Metadata-Version: 2.1
Name: pykokkos-base
Version: 0.0.2
Summary: Python bindings to Kokkos Views for data interop
Home-page: http://github.com/kokkos/kokkos-python
Author: Jonathan R. Madsen
Author-email: jrmadsen@lbl.gov
Maintainer: Jonathan R. Madsen
Maintainer-email: jrmadsen@lbl.gov
License: BSD 3-Clause License
Download-URL: http://github.com/kokkos/kokkos-python.git
Project-URL: kokkos, https://github.com/kokkos/kokkos
Description: # pykokkos-base
        
        This package contains the minimal set of bindings for [Kokkos](https://github.com/kokkos/kokkos)

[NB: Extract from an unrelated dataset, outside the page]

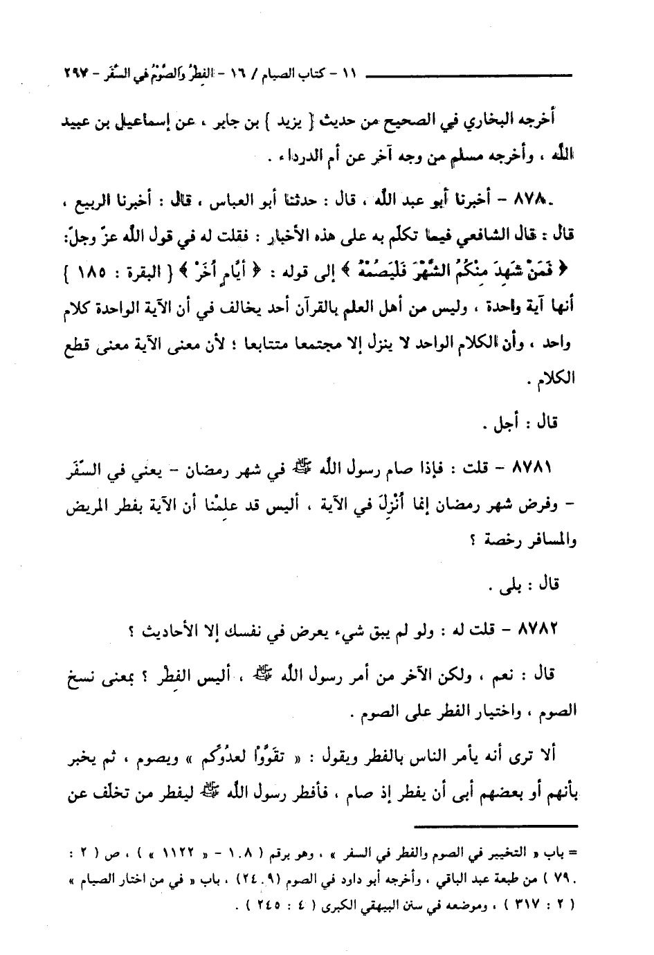 8786 - قَالَ: «فَمَا أَمَرُ عُمَرَ رَجُلًا صَامَ فِي السَّفَرِ أَنْ يُعِيدَ؟»، قُلْتُ: لَا أَعْرِفُهُ عَنْهُ، فَإِنْ عَرَفْتُهُ، فَالْحُجَّةُ ثَابِتَةٌ بِمَا وَصَفْتُ لَكَ، وَأَصْلُ مَا يُذْهَبُ إِلَيْهِ: أَنَّ مَا ثَبَتَ عَنْ رَسُولِ اللَّهِ صَلَّى اللهُ عَلَيْهِ وَسَلَّمَ، فَالْحُجَّةُ لَازِمَةٌ لِلْخَلْقِ بِهِ، وَعَلَى الْخَلْقِ اتِّبَاعُهُ -[299]-،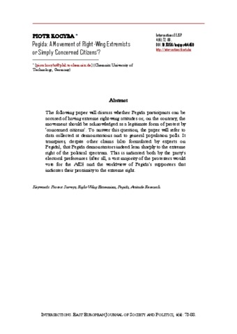 Kocyba, Piotr (2019) Pegida: A Movement of Right-Wing Extremists or Simply ‘Concerned Citizens’? INTERSECTIONS: EAST EUROPEAN JOURNAL OF SOCIETY AND POLITICS, 4 (4). pp. 72-88. ISSN 2416-089X

        interoperability with Python:
        
        - `Kokkos::initialize(...)`
        - `Kokkos::finalize()`
        - `Kokkos::View<...>`
        - `Kokkos::DynRankView<...>`
        
        By importing this package in Python, you can pass the supported Kokkos Views and DynRankViews
        from C++ to Python and vice-versa. Furthermore, in Python, these bindings provide interoperability
        with numpy and cupy arrays:
        
        ```python
        import kokkos
        import numpy as np
        
        view = kokkos.view([2, 2], dtype=kokkos.double, space=kokkos.CudaUVMSpace,
                           layout=Kokkos.LayoutRight, trait=kokkos.RandomAccess,
                           dynamic=False)
        
        arr = np.array(view, copy=False)
        ```
        
        > This package depends on a pre-existing installation of Kokkos
        
        ## Writing Kokkos in Python
        
        In order to write native Kokkos in Python, see [pykokkos](https://github.com/kokkos/pykokkos).
        
        ## Installation
        
        You can install this package via CMake or Python's `setup.py`. There are two important cmake options:
        
        - `ENABLE_LAYOUTS`
        - `ENABLE_MEMORY_TRAITS`
        
        By default, CMake will enable these options if the Kokkos installation was not built with CUDA support.
        If Kokkos was built with CUDA support, these options will be disabled by default due to unreasonable
        compilation times (> 1 hour).
        
        ### Configuring Options via CMake
        
        ```console
        cmake -DENABLE_LAYOUTS=ON -DENABLE_MEMORY_TRAITS=OFF /path/to/source`
        ```
        
        ### Configuring Options via `setup.py`
        
        There are three ways to configure the options:
        
        1. Via the Python argparse options `--enable-<option>` and `--disable-<option>`
        2. Setting the `PYKOKKOS_BASE_SETUP_ARGS` environment variable to the CMake options
        3. Passing in the CMake options after a `--`
        
        All three lines below are equivalent:
        
        ```console
        python setup.py install --enable-layouts --disable-memory-traits
        PYKOKKOS_BASE_SETUP_ARGS="-DENABLE_LAYOUTS=ON -DENABLE_MEMORY_TRAITS=OFF" python setup.py install
        python setup.py install -- -DENABLE_LAYOUTS=ON -DENABLE_MEMORY_TRAITS=OFF
        ```
        
        ### Configuring Options via `pip`
        
        Pip does not handle build options well. Thus, it is recommended to use the `PYKOKKOS_BASE_SETUP_ARGS`
        environment variable noted above. However, using the `--install-option` for pip is possible but
        each "space" must have it's own `--install-option`, e.g. all of the following are equivalent:
        All three lines below are equivalent:
        
        ```console
        pip install pykokkos-base --install-option=--enable-layouts --install-option=--disable-memory-traits
        pip install pykokkos-base --install-option=-- --install-option=-DENABLE_LAYOUTS=ON --install-option=-DENABLE_MEMORY_TRAITS=OFF
        pip install pykokkos-base --install-option={--enable-layouts,--disable-memory-traits}
        pip install pykokkos-base --install-option={--,-DENABLE_LAYOUTS=ON,-DENABLE_MEMORY_TRAITS=OFF}
        ```
        
        > `pip install pykokkos-base` will build against the latest release in the PyPi repository.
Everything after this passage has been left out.